Dal che deriva che il risarcimento, nella sua interezza, non può e non deve superare l’entità del danno stesso.

Questo in teoria, poiché nella prassi sottoposta via via al vaglio dei Giudici, si verifica spesso che il danneggiato vanti più prestazioni da parte di più soggetti, il danneggiante e colui che eroga indennità o rendite, tenuti a diverso titolo: il primo per aver causato il fatto illecito, mentre il secondo per aver contratto una obbligazione o per esservi tenuto a norma di legge.
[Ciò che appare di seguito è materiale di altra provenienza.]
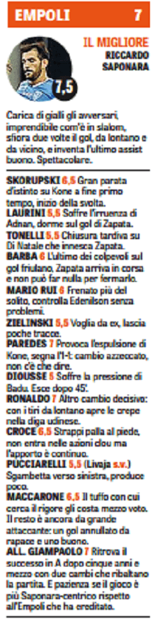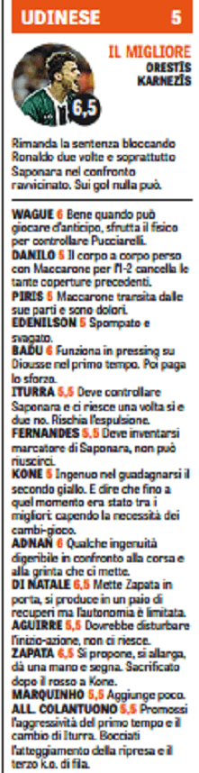 Udinese in crisi, sorriso per l’Empoli. E’ questo il verdetto dell’anticipo della quarta giornata di Serie A. La squadra di Colantuono non sa più vincere dopo aver battuto la Juventus. Nelle pagelle della Gazzetta dello Sport il migliore è il protiere Kernezis che rimanda il ko per ben due volte. Molto meglio l’Empoli che trova la prima vittoria stagionale e soprattutto un prezioso Saponara, il migliore dei suoi.
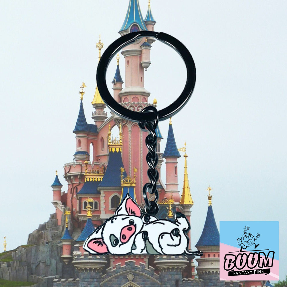 Al sostener este llavero, imagina la suave brisa del océano y el rítmico arrullo de la marea que mece a Motunui. Imagina las alegres travesuras de Pua, su rápido hocico y su encantador trote, símbolo de apoyo incondicional ante la adversidad. Este accesorio no solo adorna tus llaves, sino que transmite la resonancia emocional de un viaje que celebra la valentía, la fe y la fuerza imperecedera de la amistad.

Ciò che ha alimentato orientamenti giurisprudenziali opposti:

  • quello secondo cui la compensazione non dovrebbe trovare applicazione, atteso che – per un verso – le due prestazioni hanno soggetti, titoli e fonti diversi e – per altro verso – non sarebbe giusto che il danneggiante paghi un risarcimento ridotto avvantaggiandosi di benefici pubblici o privati;
  • e quello secondo cui, viceversa, la compensazione dovrebbe trovare applicazione, atteso che – per un verso – il risarcimento deve comunque coprire tutti i danni che siano conseguenza immediata e diretta dell’illecito e tra le conseguenze vanno considerate anche quelle vantaggiose e – per altro verso – in caso di rivalsa a seguito di surroga nei diritto del danneggiato (da parte di chi eroga indennità), il danneggiante rischierebbe di pagare due volte lo stesso danno, sia al danneggiato che al soggetto in surroga.

Le Sezioni Unite sulla compensatio lucri cum damno

La Cassazione a Sezioni Unite, con le sentenze gemelle del 22 maggio 2018, n. 12564 12565 e 12566 e 12567, ha affrontato la questione rilevando, innanzitutto, che il versamento di una indennità, sia pur differente nella fonte e nel titolo rispetto al risarcimento, mira comunque a garantire il ristoro del pregiudizio ingiustamente subito dal danneggiato.

In tale ottica, dunque, indennità e risarcimento concorrono nella eliminazione delle conseguenze dannose e, ove fosse consentita una loro cumulabilità, a parere delle Sezioni Unite sarebbe concreto il rischio di procurare al danneggiato un importo addirittura superiore rispetto al danno subito.

Tale argine, osservato dall’angolo visuale del danneggiante, potrebbe indurre a sostenere che lo stesso ne tragga vantaggio, atteso che – grazie al principio della cumulabilità – pagherebbe un risarcimento inferiore.

La tesi, però, deve fare i conti con i rischi ai quali il danneggiante rimarrebbe comunque esposto nei confronti (i) sia del danneggiato che intenda agire direttamente contro il danneggiante per la differenza del danno non coperta dall’indennità (ii) sia dell’assicuratore che intenda surrogarsi e agire in rivalsa per recuperare quanto versato al danneggiato-assicurato.

Questa, in conclusione, la traiettoria delle riflessioni tracciata dalle pronunce in commento.